佟有才洗漱完回到臥室,先去看了看小床上的女兒,才掀了被子躺進被窩。
方靜早就等著呢,丈夫一上來她就抓住對方的手,把從白天遇見貓到回來后婆婆的不愿意,從頭到尾完完整整地說了一遍。
“也是怪我,進門的時候一打岔,就把藥的事情給忘了。”
如果只有貓糧,她隨便扯個謊把價錢說低一些也就過去了,可藥卻不好糊弄,最后無奈之下她只能把去寵物醫院的事情給婆婆說了。
說完,她看著丈夫再次詢問“你真不介意我把貓帶回來不是在媽面前給我面子,維護我才那么說的”
佟有才自然是跟妻子連連保證“怎么可能,我真沒覺得你有錯。我的性格你還不知道”
方靜哼笑一聲,沒有追問。
丈夫性格直愣,漂亮話一句也不會說,而且還幫理不幫親,這些年不知道因為這個性格受了多少悶虧,但她當初看中他的,不就是這一點嗎
明是非可比口花花,揣著明白當糊涂的那些好多了。
不過他們家這情況,為了養一只貓大動干戈確實有些夸張。
說句實話,方靜到現在也對那些錢感到可惜,大幾十呢,買點好吃的給女兒補補身體也好啊,全花給了一只流浪貓。
佟有才笑了一下,學妻子的話“難不成反倒是你自己后悔了剛才和我媽那么說只是為了面子”
“怎么可能。”方靜拍了丈夫的肩膀一下,“我哪里后悔了,只是可惜,錢花出去了還不允許我心疼心疼啊。”
“你做的對。”佟有才安慰她,“當初咱們就說好了,絕對不在女兒面前說謊話。你做得很好,維護了女兒對我們的信任,你沒錯。”

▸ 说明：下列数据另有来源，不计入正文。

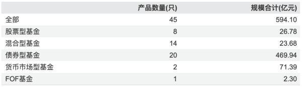 该公司的业务格局是典型的“重债轻股”。债券型基金独占鳌头,20只产品规模合计高达469.94亿元,占总规模的近80%。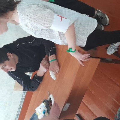 "Станция 6" "Первая помощь". На станции были предложены ребятам теоретические задания по оказанию первой помощи: "Найди пару"- необходимо было распределить лекарства первой помощи и определить, для чего они нужны, задания на определение последовательности оказания первой помощи при кровотечении из носа, при ушибах и порезах. После теоретической части перешли к практической части: необходимо было оказать первую помощь другу, который порезал палец. Ребята с удовольствием побывали в роли врача и не оставили друга в беде.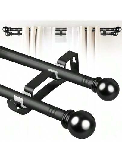 可调节双层窗帘杆套装,长度33-156英寸,金属可伸缩双层窗帘杆套件,适用于各种窗户,包含杆支架。小号加长杆,直径5/8英寸。非常适合用于浴室、卧室和客厅的遮光窗帘。 - 黑色 - 查看 1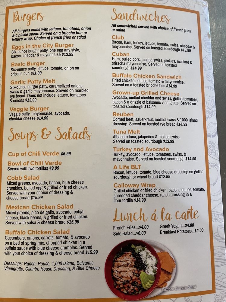 Eggs in the City is a breakfast and brunch spot located in Millcreek City, Utah, known for its diverse menu offerings and cozy atmosphere. The restaurant offers a range of options, from classic Eggs Benedict to unique omelet creations like the Wild Card Omelet and Fiesta Omelet. With a variety of skillets, chef specials, and off-the-griddle items like the Meat Lovers Skillet and Cinnamon Swirl Pancakes, there is something for everyone to enjoy. Customers praise the friendly service, quick delivery of food, and the option to customize dishes to their liking. The outdoor seating, beautiful art on the walls, and overall welcoming vibe make Eggs in the City a must-visit breakfast spot for locals and visitors alike. As a food reviewer, I highly recommend trying out their signature dishes and experiencing the delicious flavors for yourself.

謊言之所以是謊言,就是因為它是虛假的,也總有被發現的一天,普通人知道自己被騙后都會產生諸多的負面情緒,更何況是三歲半的孩子。
尤其是這個孩子,還是個盲人。
在她小小的世界里,唯二信任的只有自己的父母,如果有一天她發現自己的父母欺騙了自己,那么她還能信任誰
他們的女兒本身已經夠苦了,他和妻子都不想讓她再添愁緒。
方靜看向墻邊的小床,露出個溫柔的笑后,拉著丈夫又說了幾句話就催促他趕緊睡覺,不要耽誤明天上班。
佟有才是一個川菜廚師。
他目前正在一家較大的飯店后廚工作,不是主廚,但也是能夠掌勺的師傅,因此工資比正常水平稍高一些,但也沒高到哪里去。
方靜之前是一家工廠流水線上的工人,生孩子后就辭了工作,本想等孩子大一些就讓長輩幫忙帶著,她再找地方上班,卻沒想到孩子出生不久眼睛就被診斷出疾病,她無法,只好繼續在家帶孩子。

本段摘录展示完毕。